🤖 AI Summary
This work addresses the lack of benchmark datasets and effective methods for offensive language identification in code-mixed social media text involving Tulu—a low-resource Dravidian language. We introduce the first Tulu–English code-mixed offensive language dataset, comprising 3,845 YouTube comments with fine-grained annotations, thereby filling a critical gap in NLP research for under-resourced South Indian languages. We propose a novel annotation schema tailored to code-mixed contexts and conduct a systematic evaluation of both conventional architectures (GRU, LSTM, CNN, and self-attention) and multilingual pre-trained models (mBERT, XLM-RoBERTa).

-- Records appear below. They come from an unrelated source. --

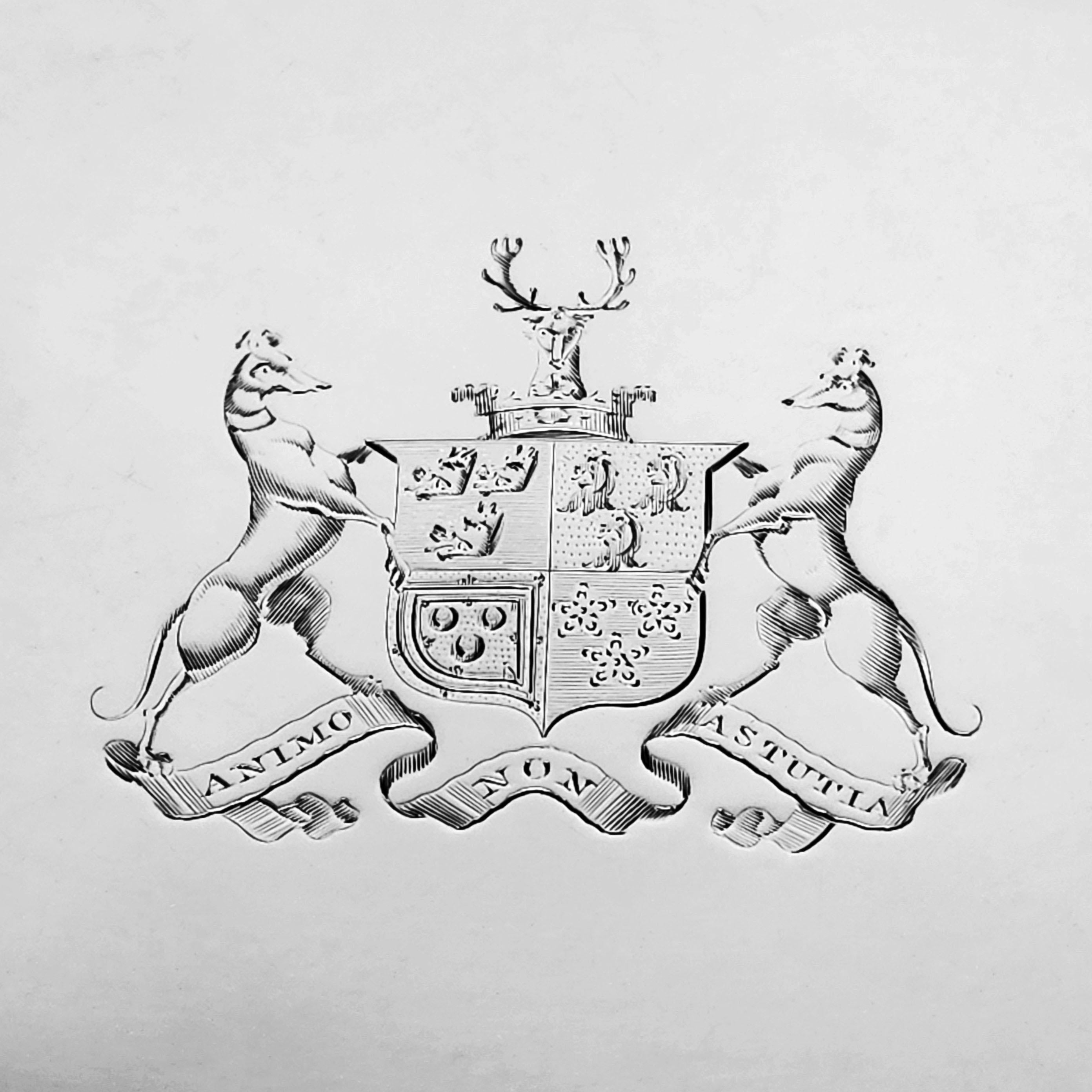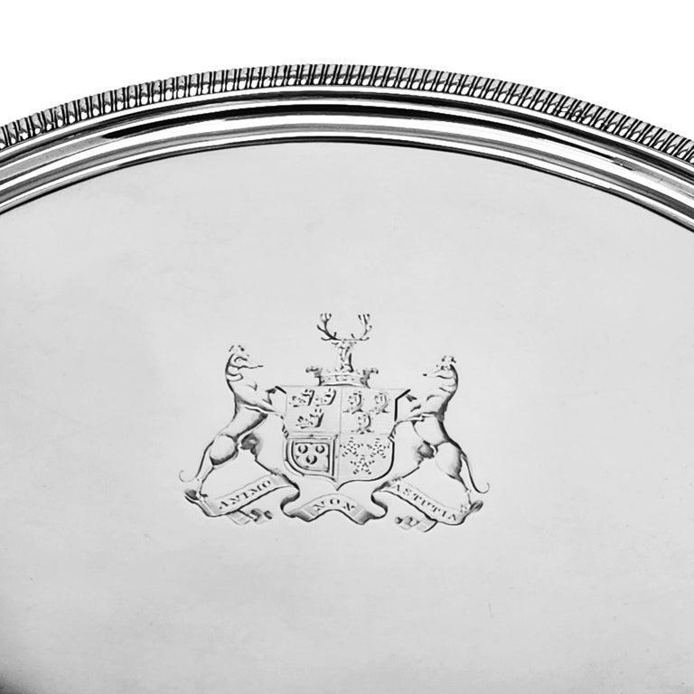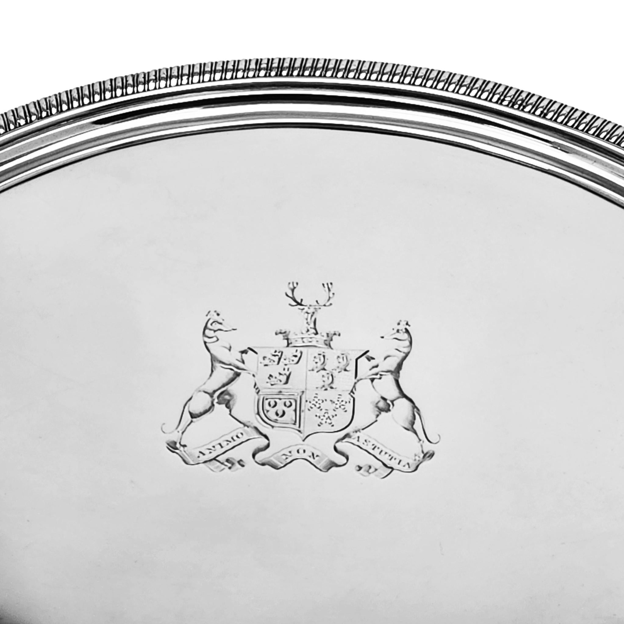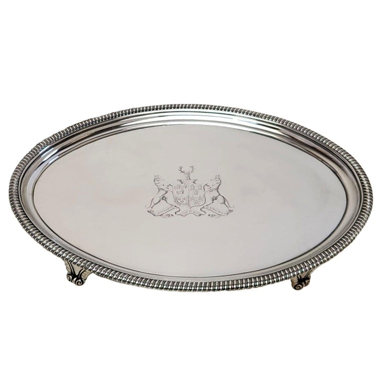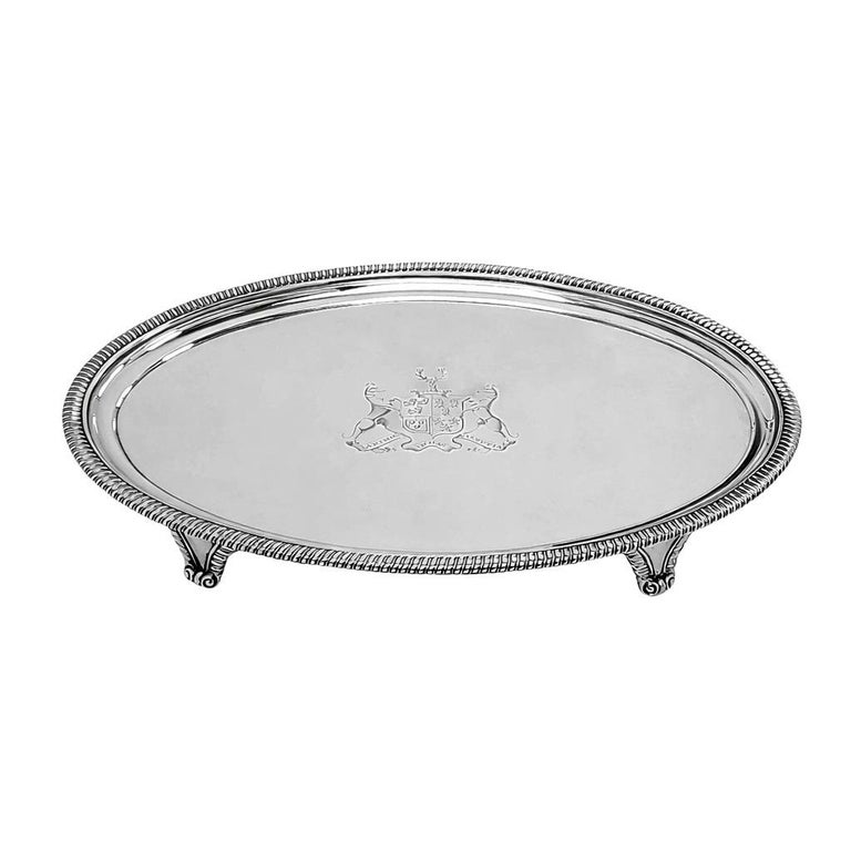 As elegant George III Oval Silver Salver with a classic gadroon borders. This Salver has an impressive armorial engraved in the centre and stands on stands on four gadroon patterned feet.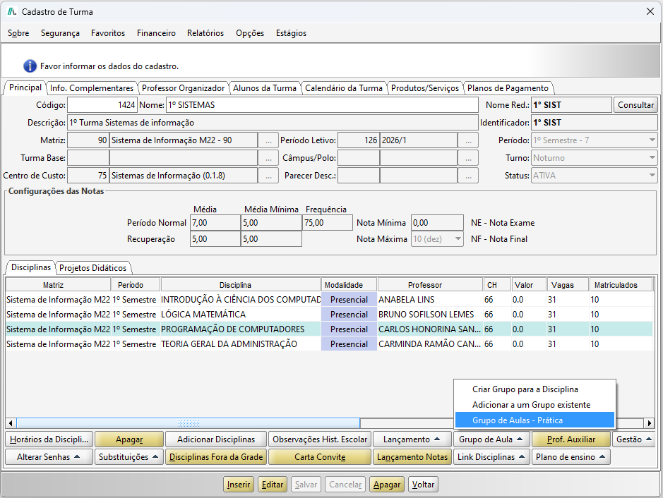 - Após vinculado o sistema de avaliação na disciplina da Turma e criado o Grupo de Aula Prática, não é mais possível alterar o sistema de avaliação.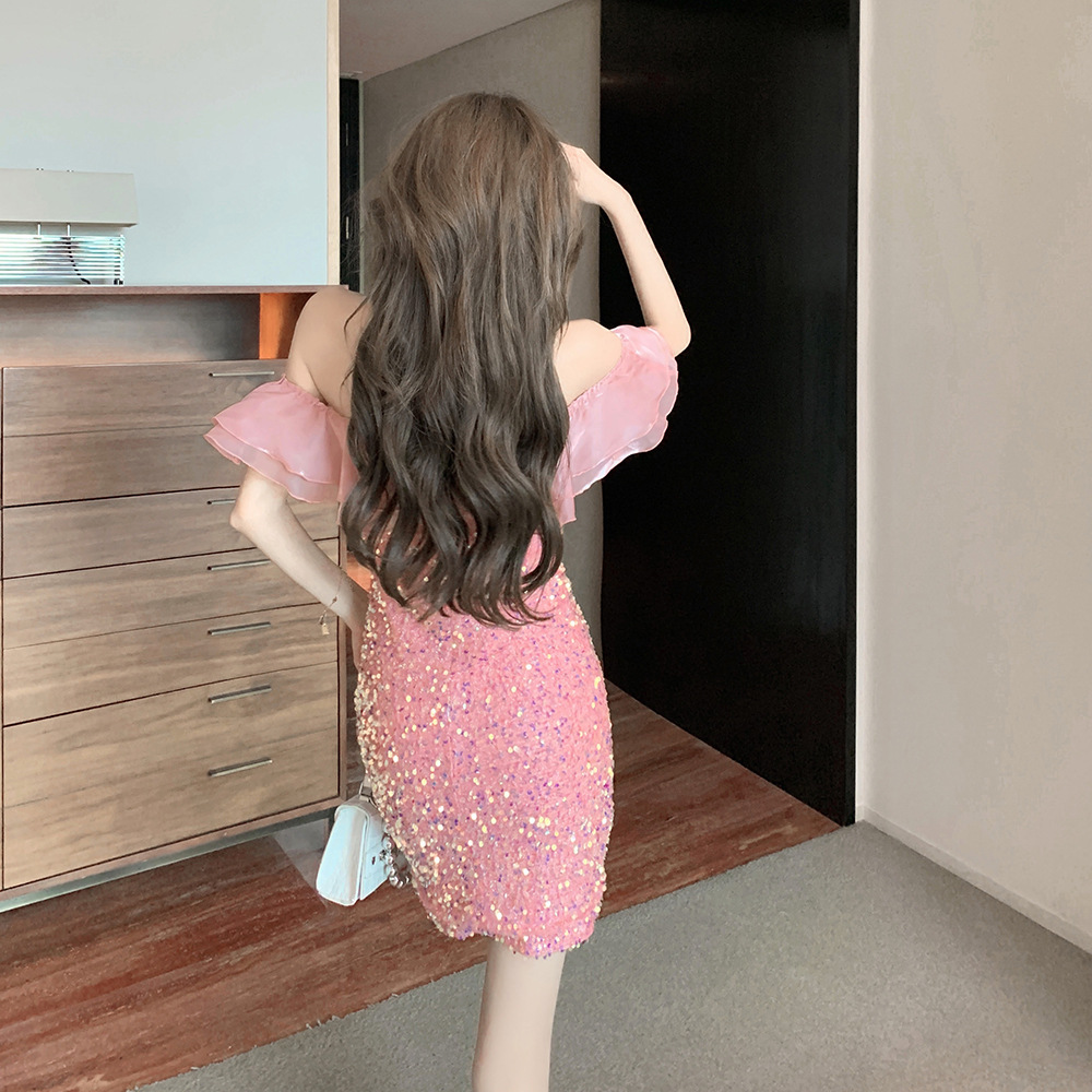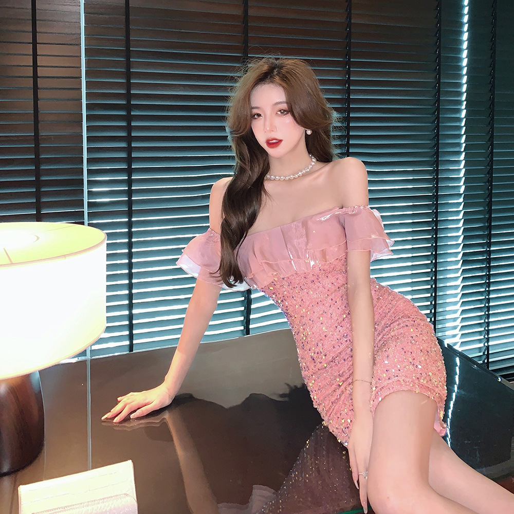 法式辣妹包臀裙女新款名媛重工艺珠片雪纺拼接修身露肩礼服连衣裙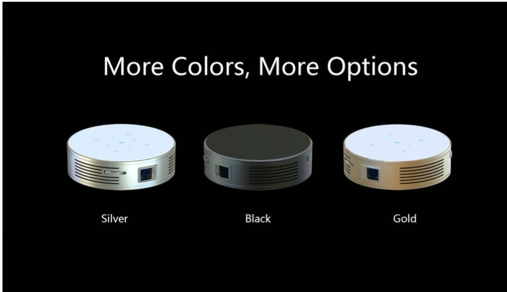 The pictured smart projector comes in a compact round shape and offers excellent portability. It is equipped with a Micro-USB port and can be recharged using the chargers of Android smartphones for added convenience. This smart projector delivers outstanding image quality and is suitable for work and entertainment use.

Experimental results show that a BiGRU augmented with self-attention achieves the best performance (accuracy: 82%, macro-F1: 0.81), demonstrating the advantage of task-specific architectures for low-resource code-mixed settings. Our dataset, annotation framework, and empirical findings provide a reproducible methodology and benchmark for similar low-resource, code-mixed language scenarios.
📝 Abstract
Tulu, a low-resource Dravidian language predominantly spoken in southern India, has limited computational resources despite its growing digital presence. This study presents the first benchmark dataset for Offensive Language Identification (OLI) in code-mixed Tulu social media content, collected from YouTube comments across various domains. The dataset, annotated with high inter-annotator agreement (Krippendorff's alpha = 0.984), includes 3,845 comments categorized into four classes: Not Offensive, Not Tulu, Offensive Untargeted, and Offensive Targeted. We evaluate a suite of deep learning models, including GRU, LSTM, BiGRU, BiLSTM, CNN, and attention-based variants, alongside transformer architectures (mBERT, XLM-RoBERTa). The BiGRU model with self-attention achieves the best performance with 82% accuracy and a 0.81 macro F1-score. Transformer models underperform, highlighting the limitations of multilingual pretraining in code-mixed, under-resourced contexts. This work lays the foundation for further NLP research in Tulu and similar low-resource, code-mixed languages.